┌─ Supplied material
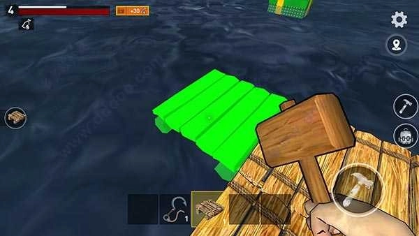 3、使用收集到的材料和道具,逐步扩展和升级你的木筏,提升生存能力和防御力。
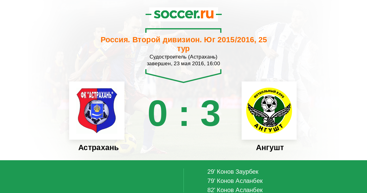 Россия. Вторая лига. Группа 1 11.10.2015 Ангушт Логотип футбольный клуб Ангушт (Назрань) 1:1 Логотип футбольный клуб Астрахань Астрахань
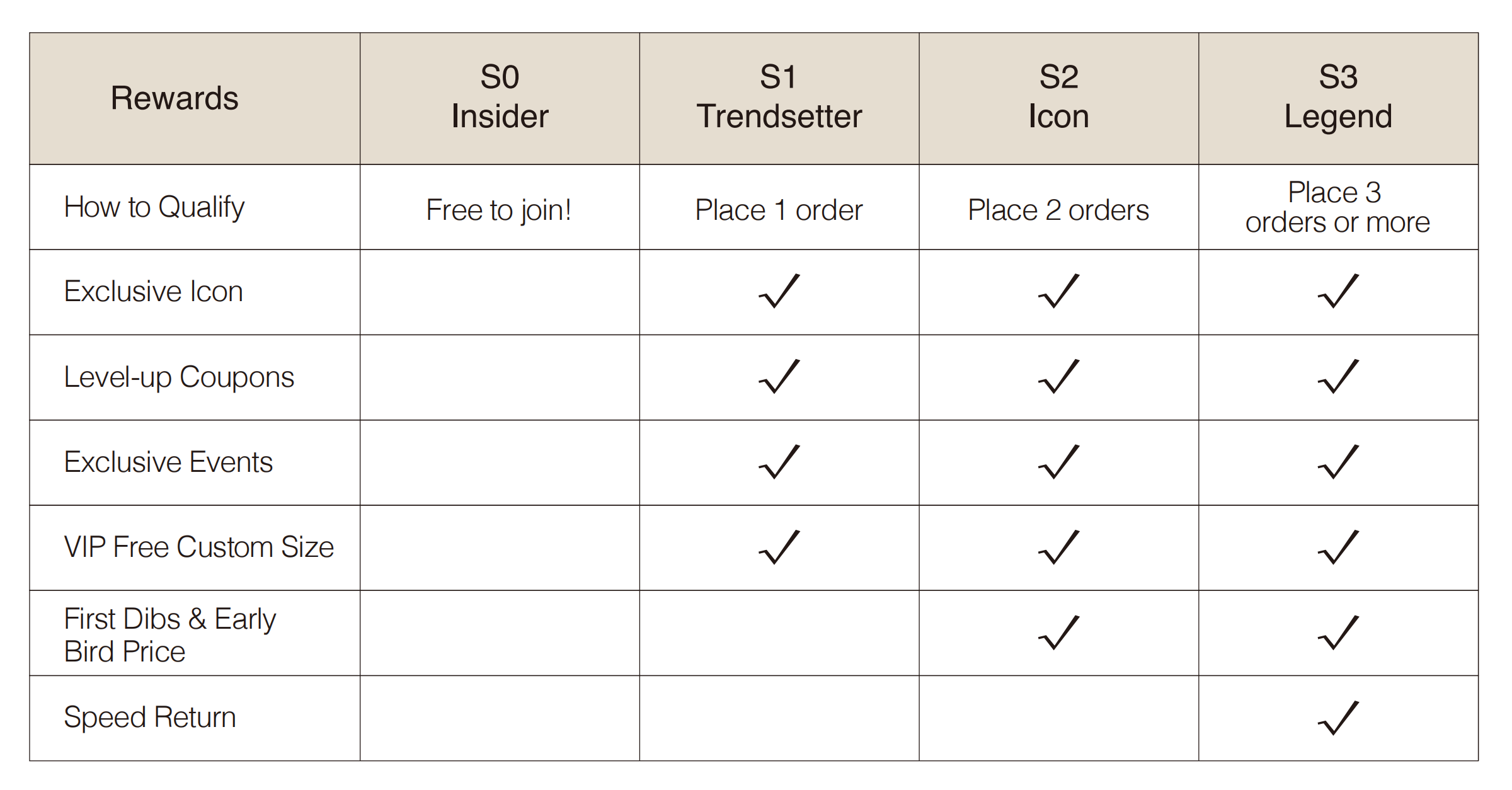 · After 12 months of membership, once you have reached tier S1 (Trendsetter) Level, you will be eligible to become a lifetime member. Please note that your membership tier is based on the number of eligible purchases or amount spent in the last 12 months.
└─
**What you will do**
Repeat each line of the material exactly, please, and skip every picture.

**Task answer**
 3、使用收集到的材料和道具,逐步扩展和升级你的木筏,提升生存能力和防御力。
 Россия. Вторая лига. Группа 1 11.10.2015 Ангушт Логотип футбольный клуб Ангушт (Назрань) 1:1 Логотип футбольный клуб Астрахань Астрахань
 · After 12 months of membership, once you have reached tier S1 (Trendsetter) Level, you will be eligible to become a lifetime member. Please note that your membership tier is based on the number of eligible purchases or amount spent in the last 12 months.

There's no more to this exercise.